I Think, Therefore I Love



Descartes walks into a café and orders a coffee. The waitress asks, “Would you like cream with that?” He strokes his goatee and ponders, then thoughtfully replies, “I think not,” …and disappears.

I get it when people are uncomfortable with deep thought, and I get it when they don’t choose to go there, but I don’t understand it when people make fun of it, as though deep thought is dumb, or non-communicative, or “won’t sell.” It’s fascinating, really. If you don’t think, you won’t thrive. Maybe that’s part of the deal about having the mind of Christ. We are body, soul, and mind, (according to Plato’s clever assessment of a human being), and we humans need the discipline of nurturing all three.
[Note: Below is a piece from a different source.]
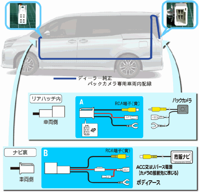 ノア/ヴォクシー/プリウスα/カムリハイブリッド/エスティマ/カローラフィルダー用 トヨタ純正バックカメラ用に準備された車両内配線カーナビに接続配線
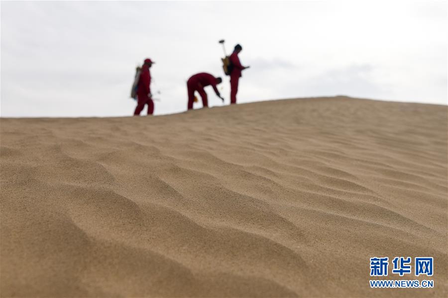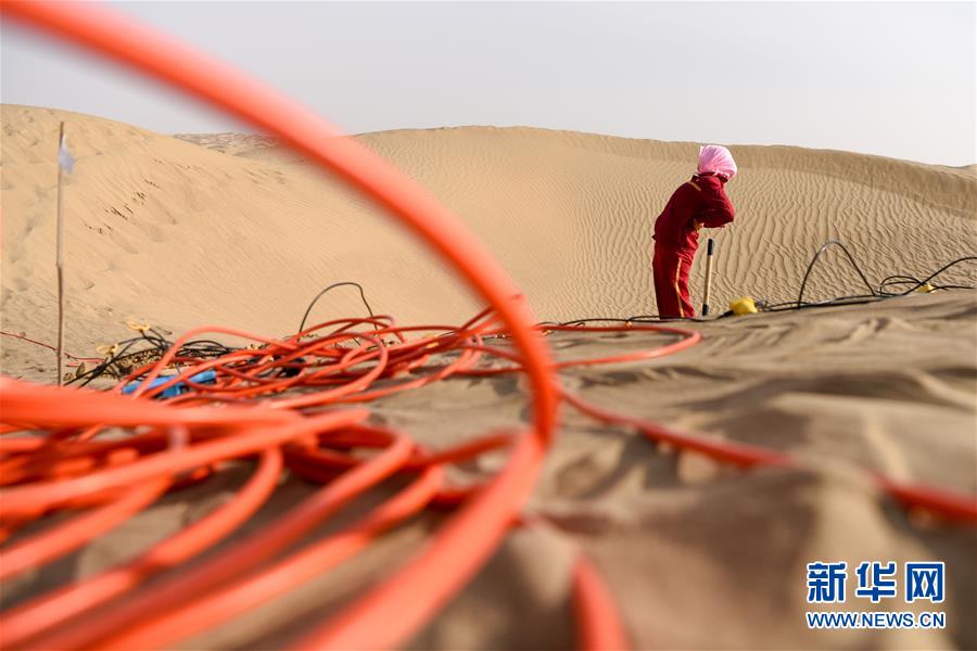 1月13日,測(cè)量工在測(cè)線上布設(shè)炮點(diǎn)樁號(hào)。地球物理勘探是油氣開(kāi)發(fā)的第一步,相當(dāng)于給地球做CT。物探工人按照嚴(yán)格的測(cè)線部署,在相應(yīng)位置鉆井,然后實(shí)施地震,采集地震波數(shù)據(jù)??蒲腥藛T通過(guò)數(shù)據(jù)組成的“CT片”,就能夠清晰地“看”到地下的地質(zhì)結(jié)構(gòu),判斷哪里埋藏有石油或者天然氣。2019年10月,東方地球物理勘探有限責(zé)任公司塔里木物探處2113隊(duì)進(jìn)入新疆塔克拉瑪干沙漠腹地,開(kāi)始中古14-21、塔中2兩個(gè)區(qū)塊的三維地震勘探。近2000名物探工人將在1000平方公里的范圍內(nèi)一直工作到2020年4月,這也意味著他們將在塔克拉瑪干沙漠腹地連續(xù)度過(guò)第14個(gè)除夕夜。蘊(yùn)藏著豐富石油天然氣資源的新疆塔克拉瑪干沙漠有“死亡之?!敝Q,氣候干燥,年降水量在50毫米以下,冬季地表最低溫度超過(guò)零下30攝氏度,是世界油氣勘探難度最大的地區(qū)之一。為避開(kāi)風(fēng)季,物探工人每年9、10月份進(jìn)入沙漠,一直工作到來(lái)年4月,夜以繼日與黃沙、嚴(yán)寒為伴,用辛勤的汗水,為祖國(guó)找油找氣。新華社記者丁磊攝

When we take care of all aspects of ourselves, we feel better, function better, and make a greater difference in the world. When we don’t take care of our whole selves, we become like pinballs, shooting out of some prescribed abyss with no purpose or aim other than to score as high as we can and make the bells and whistles go off, only to fall back into the same dark hole. I want more. I want meaning. I want purpose, and I don’t believe I can find that purpose by making it all about my personal score card. NOT thinking tends to reduce us to little fat babies whining for our basic needs to be met. Seen Maslow’s hierarchy of need lately? Reflection, on the other hand, brings meaning to the clichéd lives we all live, brings intention to the individual activities we race around doing, so that our uniqueness as persons facilitates our unity as people.

The thing that fulfills me the most is to share the sky. There is room for us all to dance, and it’s alot more fun together. But irony upon irony, if you don’t take care of yourself first, you won’t be able to keep up with the celestial ballet. And it really is all in your head. You have to be mindful. That’s where the habits start. You have to pay attention to life a certain way. Otherwise fat baby takes back over as you splash around in the shallow waters where timid hearts like to frolic. So take care of yourself even though it’s not about me, me, me, or getting attention, or looking out for number one. It’s about being your personal best, which will inspire others to the same. It’s not a competition or an ego trip. It’s about loving what you do for the love of doing it, and then giving it away. Music taught me this. Once you hear my song, it is no longer mine alone. Now it is ours.

Was there a hint of sarcasm in Edie Brickell’s song What I Am when she said,  “choke me in the shallow water before I get too deep?” Heck with status quo. I’ll take the ocean.